Lipman replies the following morning. He copies the entire group on his response, cc’ing Dennis Benson and Eric Sayers, as well:
This two-part justification is fascinating. In the first part, Lipman is basically saying that publisher sites aren’t reliable enough, and he doesn’t want to have their problems reflect badly on PubMed.
In the second part, Lipman is saying a few things. First, he’s speaking like a publisher, who wants to keep people on his version of the article because there are all sorts of fancy services arrayed nearby. Second, he’s saying that the publisher links might be more attractive to users, and he’s not willing to take the risk (“. . . we will clearly lose hits. I would rather drop the PMC links on the docsum than add the publisher links.”). This undercuts the criticism that publisher sites are too flaky to link into, and shows that NLM is purposely suppressing links to publisher sites in order to increase and keep traffic. Third, he is saying that the docsum isn’t that hard to modify — dropping PMC links doesn’t strike him as a technology challenge, and adding them isn’t remembered as something that was difficult to accomplish.
Perhaps now that we know that Lipman’s willing to drop PMC links from the PubMed search docsum, we should take him up on the idea . . . after all, that would make for a more level playing field, and it’s apparently an easy solution.
Of course, these rationalizations were not shared with O’Flaherty in Sequeira’s response, which came two weeks after her initial inquiry:
This is a fascinating bundle of nonsense to unpack. Essentially, Sequeira is saying that approaches that work well at the abstract level can’t be made to work well on the search result list, and that risks being taken with links on the abstract level can’t be taken on the search result list, despite some of these things being helpful to “an extremely important constituency for NLM” and the like.

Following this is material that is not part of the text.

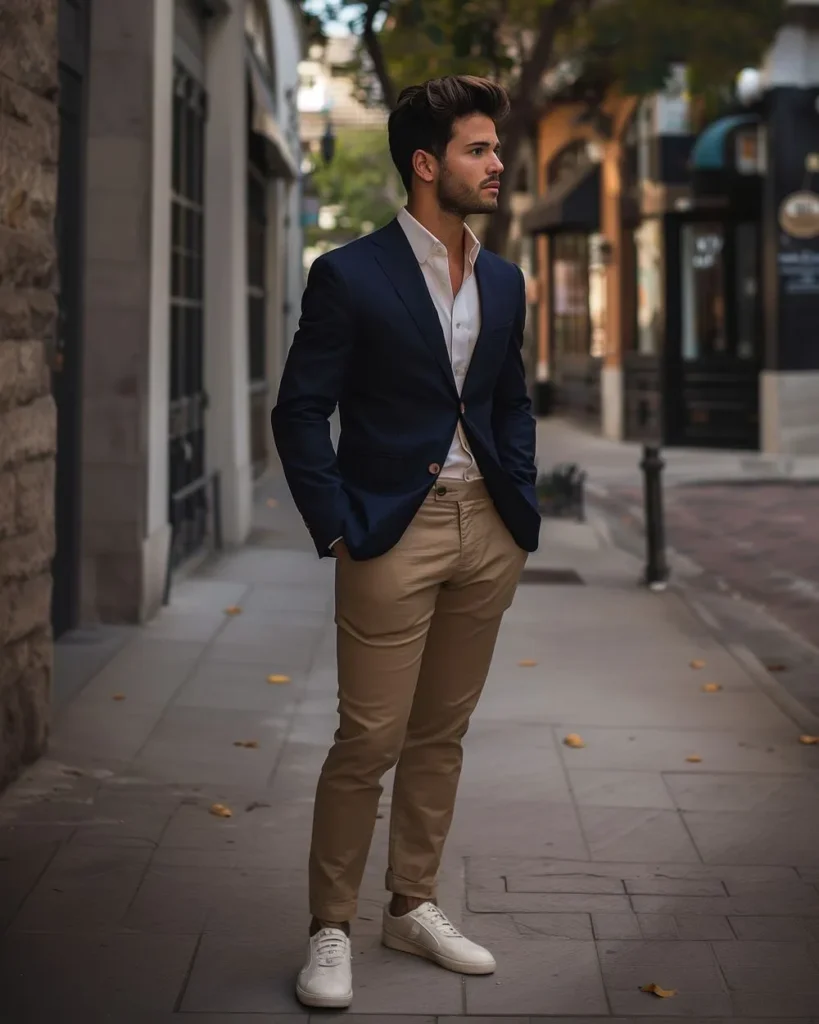 Choose a lightweight, unlined navy blazer (cotton or linen blend works best). Pair it with off-white or cream trousers. A white linen shirt (sleeves rolled) keeps you cool. Skip the socks and wear brown or tan driving moccasins. This navy blue blazer combination screams summer weddings, rooftop parties, or vacation dinners.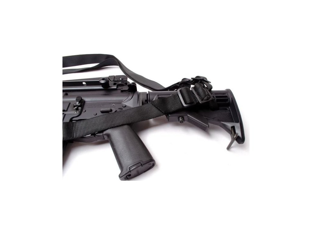 - 3-bodový taktický popruh Alpha CQB je zcela oboustranný, a lze připevnit buď k puškám s pevnou pažbou (M16A2/A4) nebo skládacím puškám (M4/M4-MWS). Bez použití jakéhokoli nářadí.

It’s worth noting that I received copies of these 2011 emails during the government shutdown, where PMC is showing an error message while publisher sites are functioning normally. The implicit assumption that PMC is less likely to generate error messages than publisher sites is undercut by this, as the entire PMC repository is now generating error messages, and the problem is not technological but political (and is lasting longer than any technology challenge would be allowed to last).
This short email exchange also shows that Sequeira was hoping for a better justification for the PMC links than, as he put it, “[a]nything better than: all the links in the PubMed search result go to other pages within the NCBI Entrez site” but Lipman didn’t deliver.
Or did he?
I believe Lipman’s answer is actually closer to the truth — the managers of PMC are competing for traffic, they implemented a search results design in their doscum which worked, and were simply defending it and the traffic benefits it’s been delivering.
I asked O’Flaherty via email about how she recalled this exchange, but had not received a response as of this writing. (Update: Apparently, there was an email failure, and O’Flaherty never got my message. She’s since read the post, and so far has nothing to add. But the door [and comments thread] is open.)
Based on these emails, it seems the the suspicion about NLM’s design on PubMed search results was largely correct — that is, the search results design in PubMed was meant to steer traffic away from publishers’ sites, increase PMC traffic, and show off NCBI and other government information tools. It’s competitive, and it seems to be working. That’s why they’re defending it and are not willing to change it.